However, whilst traditional records management, change control and versioning systems potentially address the problem of tracking updates to content, in practice, web responses are increasingly being generated dynamically: pages are constructed on the fly from a combination of sources including databases, feeds, script output and static content using dynamically selected templates, stylesheets and output filters and often with per-user "personalisation". Furthermore, the content types being generated are steadily expanding from HTML text and images into audio, video and applications.
Under such circumstances, being able to state with confidence exactly what a site looked like at a given date and exactly what responses have been generated and how and when those responses changed becomes extremely problematic.
This paper discusses an approach to capturing and archiving all materially distinct responses produced by a web site, regardless of their content type and how they are produced. This approach does not remove the need for traditional records management practices but rather augments them by archiving the end results of changes to content and content generation systems. It also discusses the applicability of this approach to the capturing of web sites by harvesters.
Keywords: web site archiving, web site harvesting, web server filters, managing electronic records
Web sites are now widely used by business and government to publish information. Increasingly, these web sites are becoming the major or only means of disseminating information from the publisher to the public and other organisations.
Internal information which formerly would have been circulated as manuals or memos is also increasingly being published exclusively on an intranet web site.

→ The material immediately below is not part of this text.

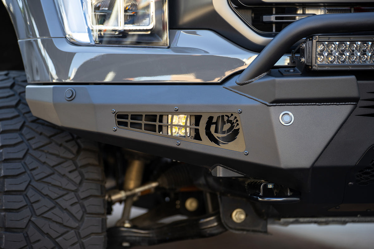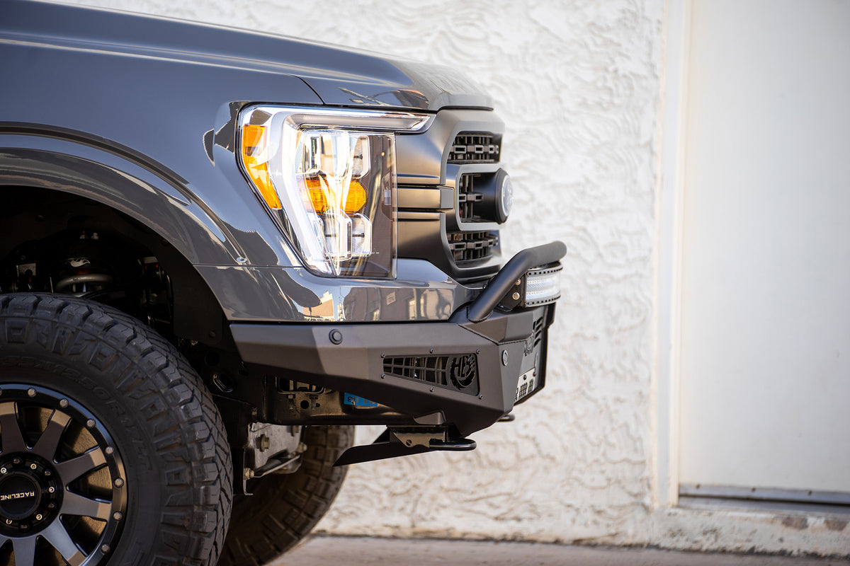 The HoneyBadger comes in hammer black powder coat with satin black panels. OEM amenities, such as parking sensors and tow hooks, are retained. Even though it is an aftermarket front bumper, the HoneyBadger follows the bodylines perfectly, making the front of your Ford F-150 look unique without sacrificing quality. As always this product is fully bolt-on and made in America.

Business and Governments publish on the web because of convenience, speed, flexibility and cost. Government initiatives such as Australia's "Government Online" (HREF2) and the US's "Government Paperwork Elimination Act" (HREF3, HREF4) require government agencies to publish online.
Because electronically published documents are increasingly taking over the roles of paper publications, organisations have a clear need to record exactly what has been published and how it was presented to users of their websites.
A document on a web site is effectively republished (or 'performed') each time it is viewed. This subtle point not only cuts to the heart of the copyright issues associated with digitisation projects and digital libraries (HREF5) but also to the general problem of web archiving. On each publication event the response to the request is generated anew. A large and often complex software system uses algorithms to convert one or more sources of input data into a response. Changes to the input data, algorithms or often even subtle details of the request such as the apparent address of the client or the characteristics of their browser can alter the response.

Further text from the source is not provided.